Feature selection/extraction algorithms have been used to select the most important features of data (Filz et al., 2021b; Xu & Dang, 2020; Mazzoleni et al., 2017; Duan et al., 2020; Schuh et al., 2021; Zhang et al., 2023; Musumeci et al., 2020; Yang et al., 2015; Sariyer et al., 2021).

For BN-based failure analysis, maximum entropy theory is proposed to calculate failure probabilities from expert-based data (Rastayesh et al., 2019). Fuzzy methods have also been used to convert linguistic terms to occurrence probabilities (Yucesan et al., 2021; Wan et al., 2019; Nie et al., 2019; Nepal & Yadav, 2015; Ma & Wu, 2020; Li et al., 2013; Duan et al., 2020). Euclidean distance-based similarity measure (Chang et al., 2015) and fuzzy rule base RPN model (Tay et al., 2015), heuristic algorithms (Brahim et al., 2019; Dey & Stori, 2005; Yang et al., 2022), and a fuzzy probability function (Khorshidi et al., 2015) have been suggested to build failure probabilities.

Failure analysis data may be incomplete, inaccurate, imprecise, and limited. Therefore, several studies have used tools to deal with uncertainty in data. The most commonly used methods are fuzzy FMEA (Yang et al., 2022; Nepal & Yadav, 2015; Ma & Wu, 2020), fuzzy BN (Yucesan et al., 2021; Wan et al., 2019; Nie et al., 2019), fuzzy MCDM (Yucesan et al., 2021; Nie et al., 2019; Nepal & Yadav, 2015), fuzzy neural network (Tay et al., 2015; Palluat et al., 2006), and fuzzy evidential reasoning and Petri nets (Shi et al., 2020).

Step 3: analysis

A failure analysis tool is essential for conducting any failure analysis.

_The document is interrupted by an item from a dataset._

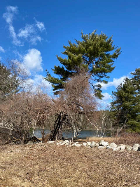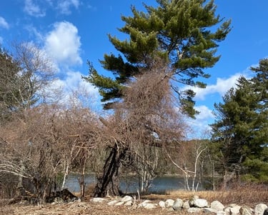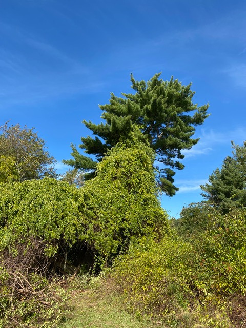 Bittersweet and multiflora rose strangling and smothering a mature white pine in Damariscotta.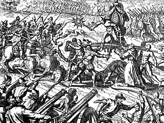 Auch der Zufall half den Spaniern: Pizarro zog in die Anden genau in der Zeit, als das Land durch den langen Bürgerkrieg erschüttert war.[23] Zudem hatte er das Glück, dass er gleich in Cajamarca auf Atahualpa traf und dass alle Macht in der Person des Inka konzentriert war. Mit Atahualpa als Geisel wurden dessen Generäle handlungsunfähig. Nach seinem Tod brach das Herrschaftssystem zusammen: Adelige rivalisierten im Kampf um die Macht und viele schlugen sich auf die Seite der Spanier. Zugleich verlor die herrschende Schicht, deren Führungsanspruch sich auf jahrzehntelange Erfolge gegründet hatte, durch den Bruderkrieg und die Ereignisse von Cajamarca an Rückhalt im Volk.[24] Von den Inka unterworfene Völker verweigerten sich dem Kampf gegen die Spanier, und einige verbündeten sich mit ihnen.

Table 3 categorizes various data-driven tools, such as BNs, Clustering/Classification, Rule-based Reasoning, and other tools used in the literature and the aspects they support.

Table 3 Smart Failure Analysis Tools

BNs model probabilistic relationships among failure causes, modes, and effects using directed acyclic graphs and conditional probabilities. Pieces of evidence, i.e., known variables, are propagated through the graph to evaluate unobserved variables (Cai et al., 2017). For example, Rastayesh et al. (2019) applied BNs for FMEA and perform risk analysis of a Proton Exchange Membrane Fuel Cell. Various elements and levels of the system were identified along with possible routes of failure, including failure causes, modes, and effects. A BN was constructed to perform the failure analysis. Some other examples of the BNs application include an assembly system (Sayed & Lohse, 2014), kitchen equipment manufacturing (Yucesan et al., 2021), and Auxiliary Power Unit (APU) fault isolation (Yang et al., 2015).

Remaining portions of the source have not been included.